* Problem statement: One range is to be output from the listing below, exactly as written: the line with "상의 원형을 바디에 착장한 후 다트의 위치를 찾는 과정부터 시작하였습니다." to the line with "Invented in Taiwan", both kept.

* Materials provided:
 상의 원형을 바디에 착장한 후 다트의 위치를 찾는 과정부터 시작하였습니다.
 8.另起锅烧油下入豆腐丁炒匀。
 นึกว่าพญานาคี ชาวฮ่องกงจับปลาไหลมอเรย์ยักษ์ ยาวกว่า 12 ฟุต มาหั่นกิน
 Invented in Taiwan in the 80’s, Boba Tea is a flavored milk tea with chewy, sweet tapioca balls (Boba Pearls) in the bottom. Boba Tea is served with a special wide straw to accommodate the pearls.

* * *

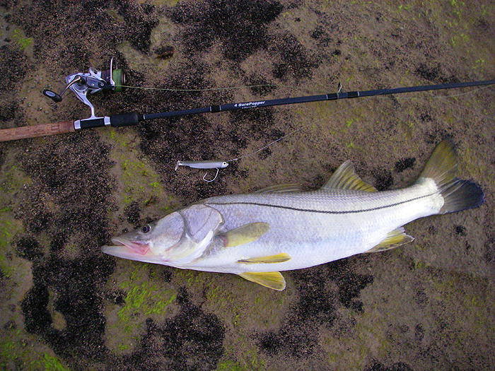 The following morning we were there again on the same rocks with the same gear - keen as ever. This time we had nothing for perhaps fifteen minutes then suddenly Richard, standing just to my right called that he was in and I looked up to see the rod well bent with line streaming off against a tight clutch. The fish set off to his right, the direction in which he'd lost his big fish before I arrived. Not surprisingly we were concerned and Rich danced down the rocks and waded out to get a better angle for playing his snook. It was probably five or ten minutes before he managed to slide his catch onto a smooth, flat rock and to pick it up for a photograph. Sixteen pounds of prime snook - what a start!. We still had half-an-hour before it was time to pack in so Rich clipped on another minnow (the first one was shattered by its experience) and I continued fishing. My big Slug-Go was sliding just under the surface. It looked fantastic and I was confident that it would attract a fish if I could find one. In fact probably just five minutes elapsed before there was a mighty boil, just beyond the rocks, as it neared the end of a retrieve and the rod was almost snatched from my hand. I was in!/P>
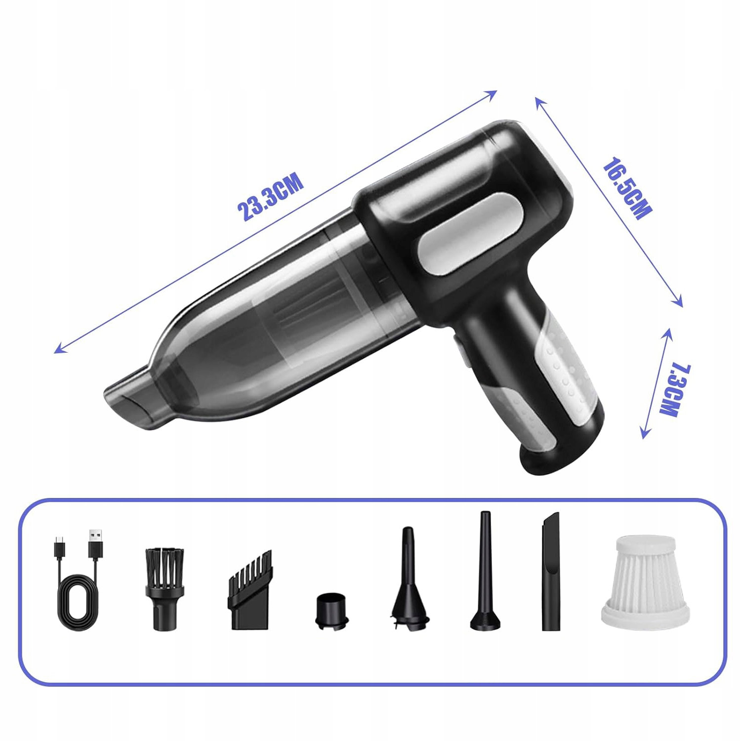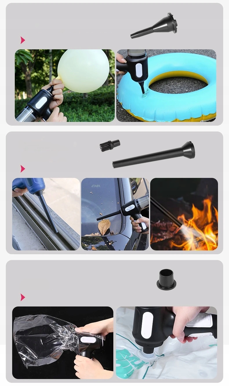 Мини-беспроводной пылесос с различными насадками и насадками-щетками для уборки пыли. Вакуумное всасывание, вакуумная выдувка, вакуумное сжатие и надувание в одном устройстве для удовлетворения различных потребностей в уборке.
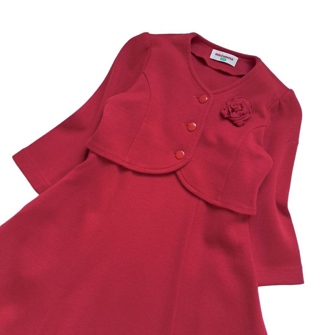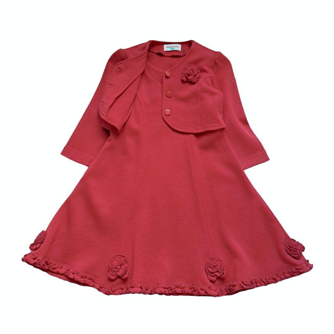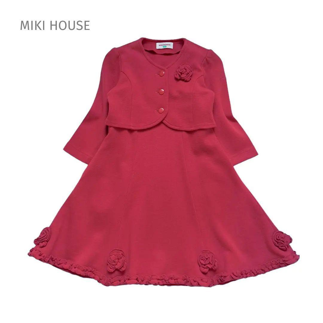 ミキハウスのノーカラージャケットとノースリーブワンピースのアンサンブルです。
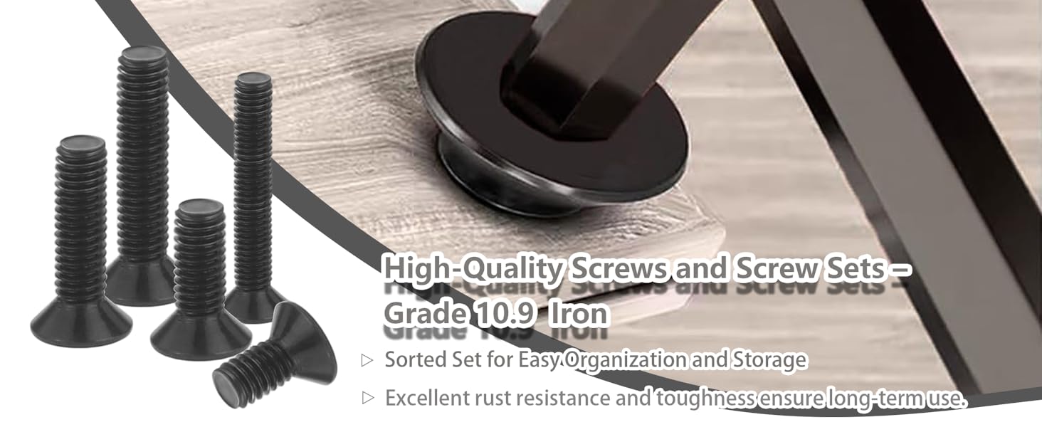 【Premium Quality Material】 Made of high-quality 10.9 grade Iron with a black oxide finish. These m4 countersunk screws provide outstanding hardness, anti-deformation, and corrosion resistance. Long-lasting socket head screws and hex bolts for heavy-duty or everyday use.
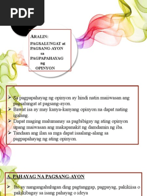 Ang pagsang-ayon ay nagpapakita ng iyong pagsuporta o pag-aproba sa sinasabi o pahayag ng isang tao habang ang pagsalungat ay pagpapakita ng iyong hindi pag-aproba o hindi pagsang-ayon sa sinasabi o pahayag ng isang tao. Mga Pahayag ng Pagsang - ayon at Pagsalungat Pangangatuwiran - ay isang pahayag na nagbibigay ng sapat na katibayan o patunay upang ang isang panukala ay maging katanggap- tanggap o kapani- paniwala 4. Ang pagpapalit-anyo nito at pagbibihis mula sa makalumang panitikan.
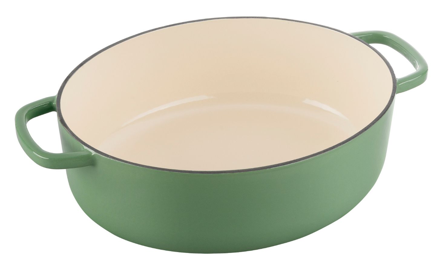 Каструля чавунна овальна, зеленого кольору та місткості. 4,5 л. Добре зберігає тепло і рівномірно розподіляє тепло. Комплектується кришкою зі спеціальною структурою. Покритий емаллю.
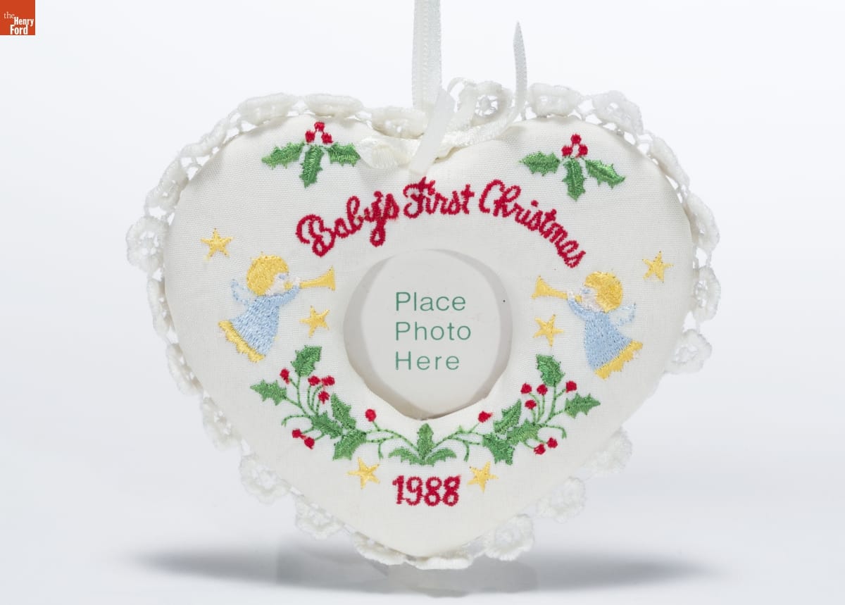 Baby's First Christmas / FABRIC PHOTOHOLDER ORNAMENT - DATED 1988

--

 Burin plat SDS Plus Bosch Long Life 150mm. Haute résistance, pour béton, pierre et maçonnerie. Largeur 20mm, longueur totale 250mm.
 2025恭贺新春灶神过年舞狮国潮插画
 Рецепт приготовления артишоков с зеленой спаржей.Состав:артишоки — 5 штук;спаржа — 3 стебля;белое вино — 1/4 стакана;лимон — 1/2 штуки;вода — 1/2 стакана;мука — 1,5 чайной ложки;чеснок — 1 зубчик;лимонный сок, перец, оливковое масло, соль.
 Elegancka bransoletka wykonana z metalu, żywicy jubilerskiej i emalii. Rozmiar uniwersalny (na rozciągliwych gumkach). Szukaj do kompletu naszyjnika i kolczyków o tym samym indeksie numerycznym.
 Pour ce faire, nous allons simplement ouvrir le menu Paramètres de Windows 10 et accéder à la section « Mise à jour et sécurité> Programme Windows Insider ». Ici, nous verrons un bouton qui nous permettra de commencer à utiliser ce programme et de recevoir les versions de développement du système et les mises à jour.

* Written solution:
 상의 원형을 바디에 착장한 후 다트의 위치를 찾는 과정부터 시작하였습니다.
 8.另起锅烧油下入豆腐丁炒匀。
 นึกว่าพญานาคี ชาวฮ่องกงจับปลาไหลมอเรย์ยักษ์ ยาวกว่า 12 ฟุต มาหั่นกิน
 Invented in Taiwan in the 80’s, Boba Tea is a flavored milk tea with chewy, sweet tapioca balls (Boba Pearls) in the bottom. Boba Tea is served with a special wide straw to accommodate the pearls.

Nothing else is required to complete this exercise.